O’Donnell also did a review of new tools that could help scientists advance towards a treatment or cure. “New animal models of FD will better our understanding of the disease,” said O’Donnell, as new mouse models express the GNAS gene mutations in ways that are more similar to the expression present in FD patients. Additionally, “better gene sequencing technologies could help identify patterns in the mosaic nature of the disease mutation, and therefore increase our understanding of FD.” While it’s unclear if genetic therapy can provide a treatment for FD/MAS in the near future, gene editing tools like CRISPR-Cas9 are already being used to create a stem cell model of FD, which could be used to find new targets for drugs.  
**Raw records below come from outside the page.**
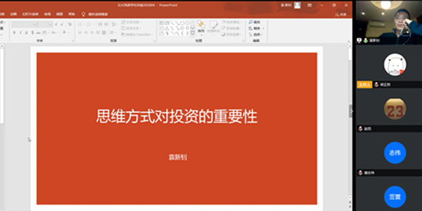 2020年4月17日晚,风险管理与保险学系系友沙龙暨第127次保险专硕讲座在线上顺利举行。讲座主题为“思维方式对投资的重要性”,主讲人为2026世界杯官网风险管理与保险学系2001级本科和2005级硕士系友、现供职于上海君犀投资管理有限公司的袁新钊先生。风险管理与保险学系郑伟、刘新立、陈凯老师以及二十几位同学和系友参加了本次活动,风保学社社长梁正则主持。
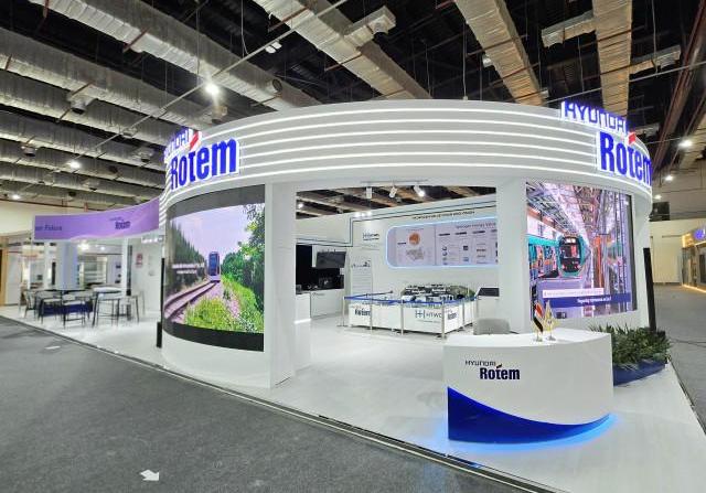 11월 9일부터 11일까지 이집트 뉴카이로 소재 국제전시센터(EIEC)에서 열리는 현지 최대 교통물류 전시회 `TransMEA 2025`에 참가하는 현대로템 전시관 전경
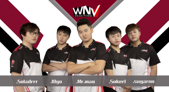 夺冠阵容(左起):wNv.sakula(吴润波) wNv.44‘alex(卞正伟) wNv.Jungle(杨克非) wNv.tk(马性驹) wNv.mikk(蒲江)
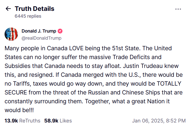 Еще до начала своего нового срока, президент США Дональд Трамп сделал ряд интересных заявлений. Эти заявления содержали довольно воинственные высказывания о присоединении Гренландии к США, [1] а в своей соцсети президент намекнул, что хотел бы видеть Канаду 51-м штатом Америки.
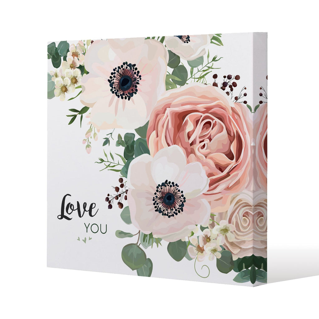 Garden Flower, Pink Peach Rose, White Anemone Slim Style Canvas Print 50x50cm , 15mm Slim Real wood.
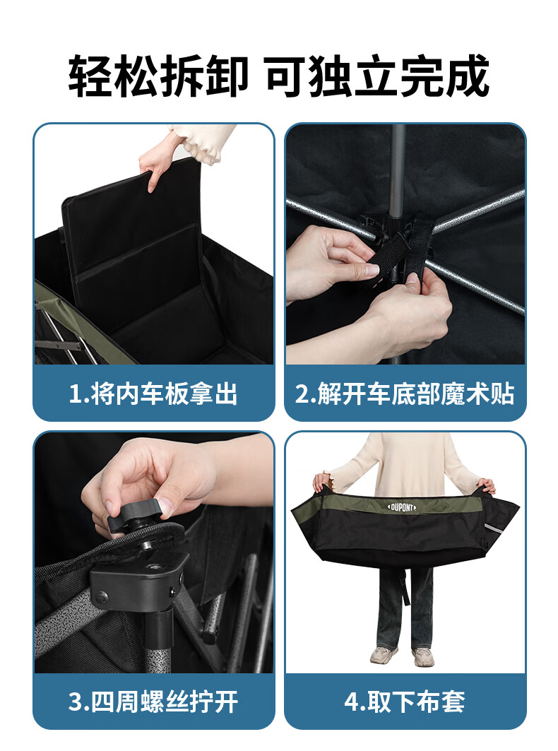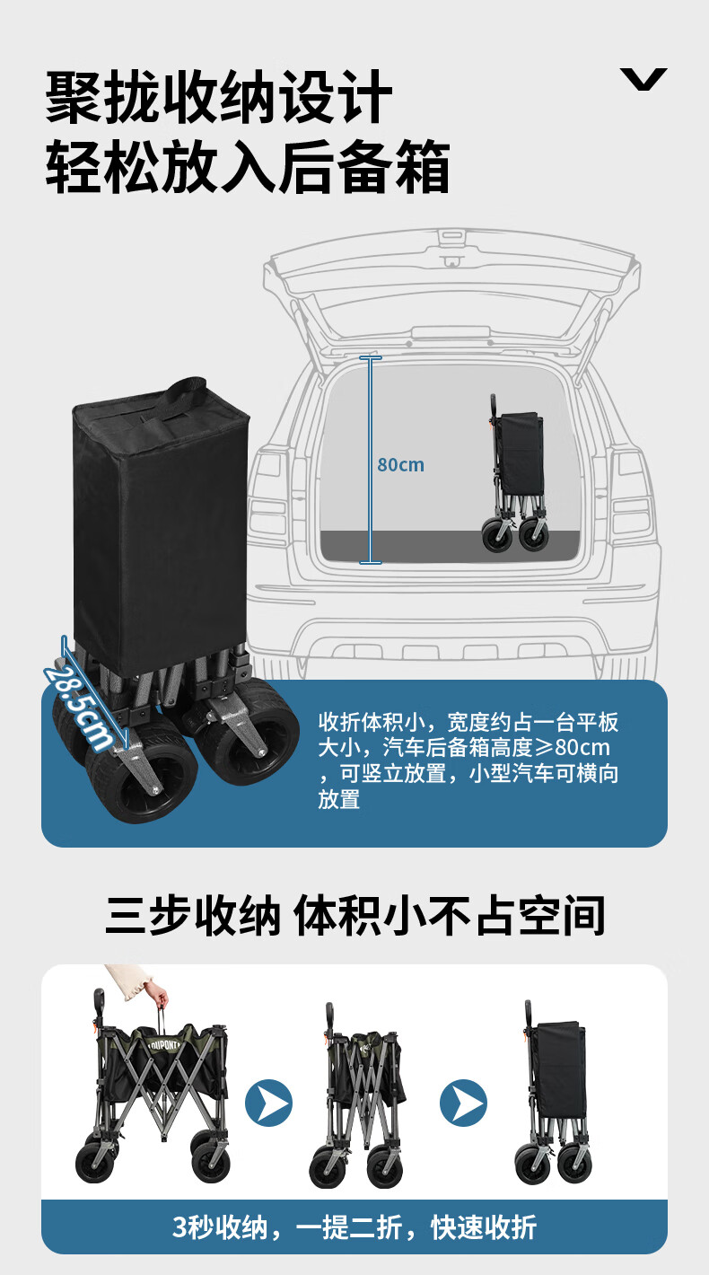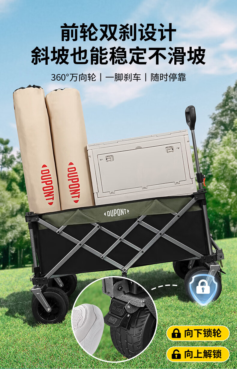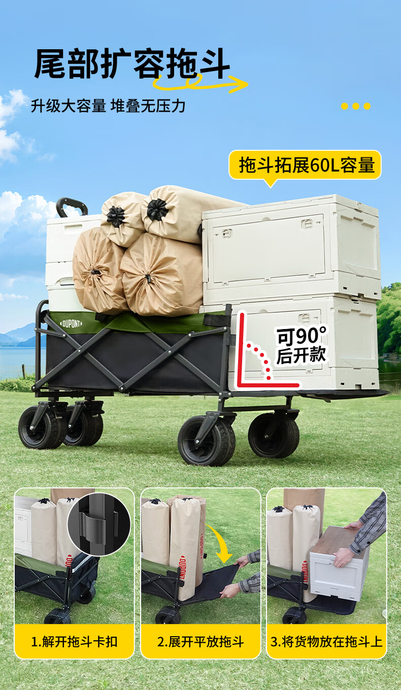 杜邦(DU PONT)户外露营推车野餐营地拖车折叠桌椅套装旅行购物拉车折叠车 120L【静音实心轮】后开模式
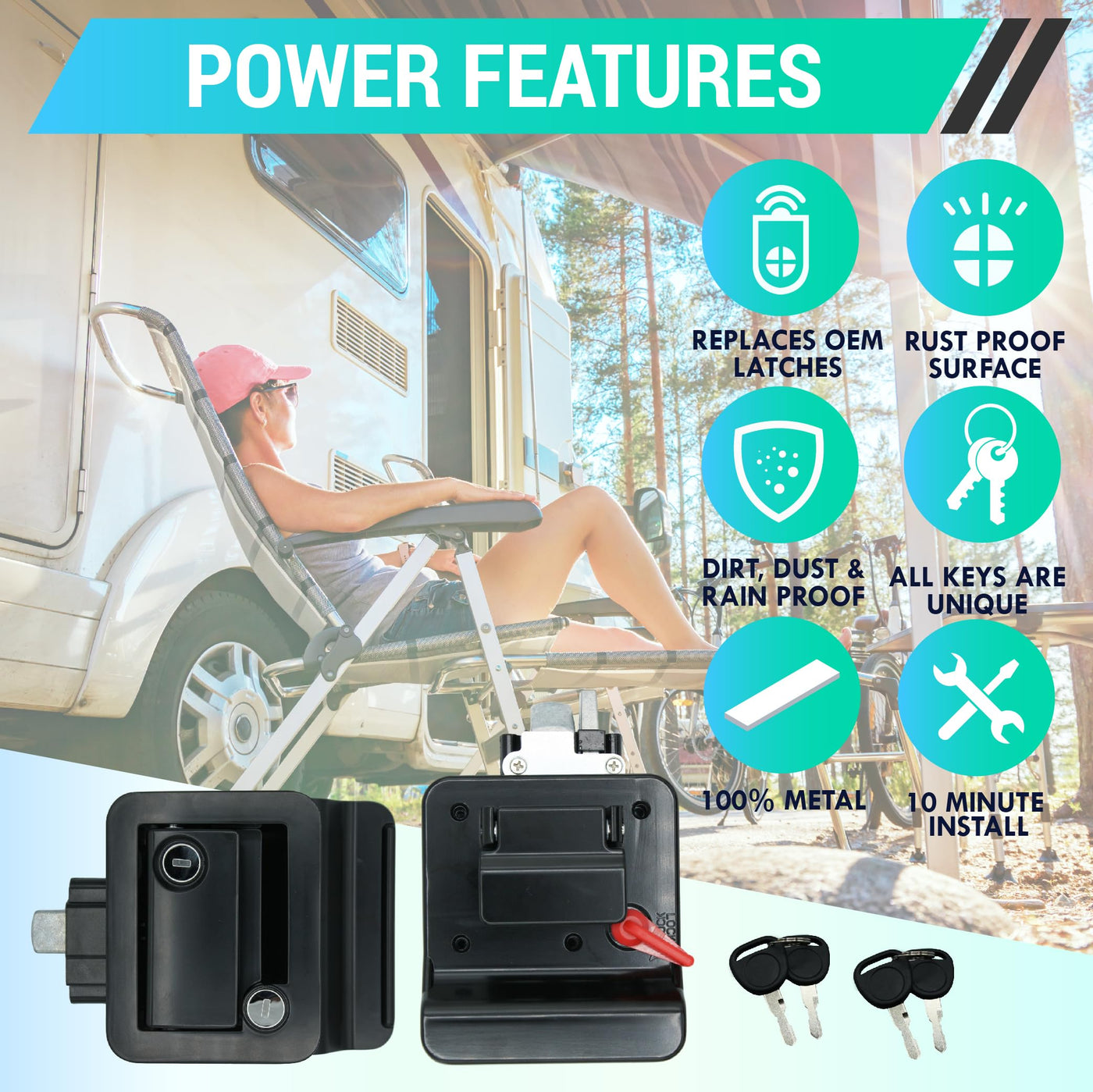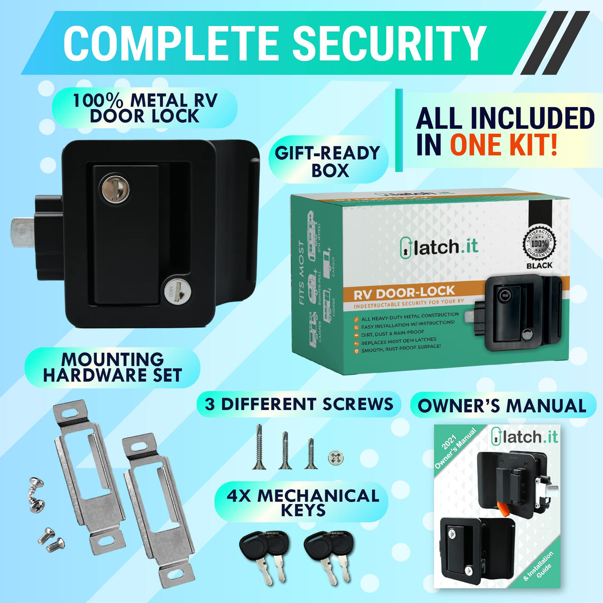 LATCH.IT Black RV Door Latch | 2 Keyed Alike RV Door Locks for Travel Trailers | Travel Trailer Door Latch | 100% Metal Camper D
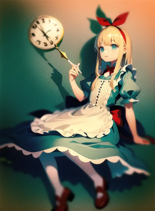 #majinai #Alice #in #Wonderland #Alice #a #curious #young #girl #has #fallen #down #a #rabbit #hole #and #found #herself #in #a #magical #world #filled #with #peculiar #creatures #and #strange #occurrences #She #wears #a #blue #dress #with #a #white #apron #and #has #long #blonde #hair #Surround #her #with #the #Mad #Hatter #the #Cheshire #Cat #the #Queen #of #Hearts #and #other #whimsical #characters #from #the #story
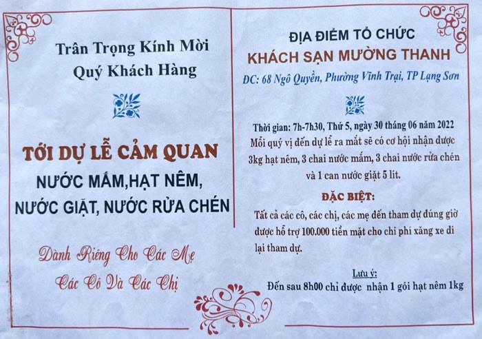 Để tạo sự tin tưởng và thúc đẩy người dân mua hàng, các đối tượng bán hàng đã áp dụng chiêu tặng quà là đường, mỳ chính, gạo, dầu ăn… cho tất cả khách mời tham dự "hội thảo" kể cả khi họ chưa mua sản phẩm chính. Sau đó, các đối tượng mới bắt đầu mời chào bán sản phẩm bằng những lời đường mật.
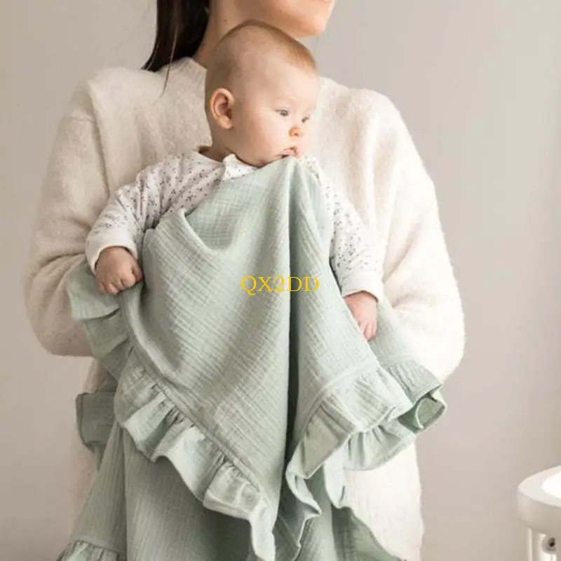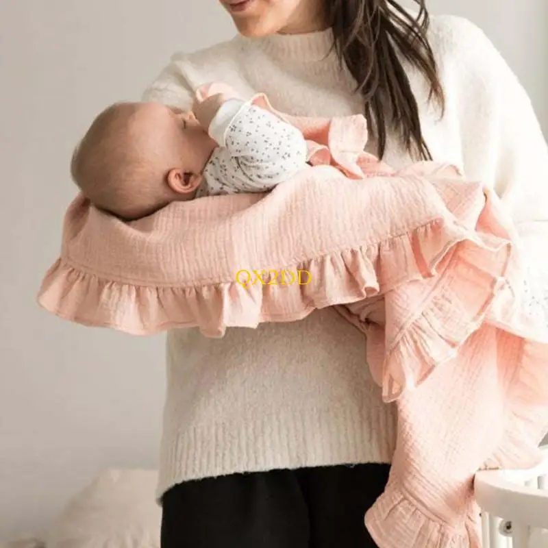 Agente suave y no fluorescente: la manta para bebé utiliza material ecológico, elegante diseño de volantes, agente no fluorescente y capa de 2 capas gruesas, agradable para la piel y adecuada para recién nacidos y bebés.

FDF is grateful to O’Donnell, Dr. Scheifele, and the Loyola University’s Center for Civic Engagement and Justice for their work and for making this review possible. “Not only is it useful to have this kind of analysis available for patients and families, it’s also really exciting to have students become interested in FD/MAS during their undergraduate experience,” said Portero, “More research and collaboration are key tenets of our strategic plan to beat FD/MAS, and working with students at all stages of their careers helps us work towards those aims.”

We asked O’Donnell what field of medicine he’s interested in focusing on, and he hasn’t decided. Of course, he has plenty of time to make a decision, but we’d like to be the first to say that FD/MAS could use knowledgeable clinicians in so many different specialities. Since patients see endocrinologists, ENTs, orthopaedic surgeons, maxillofacial surgeons, neurologists, opthomologists, and more, there are many fields for O’Donnell to choose between if he’d like to support the complex needs of FD/MAS patients.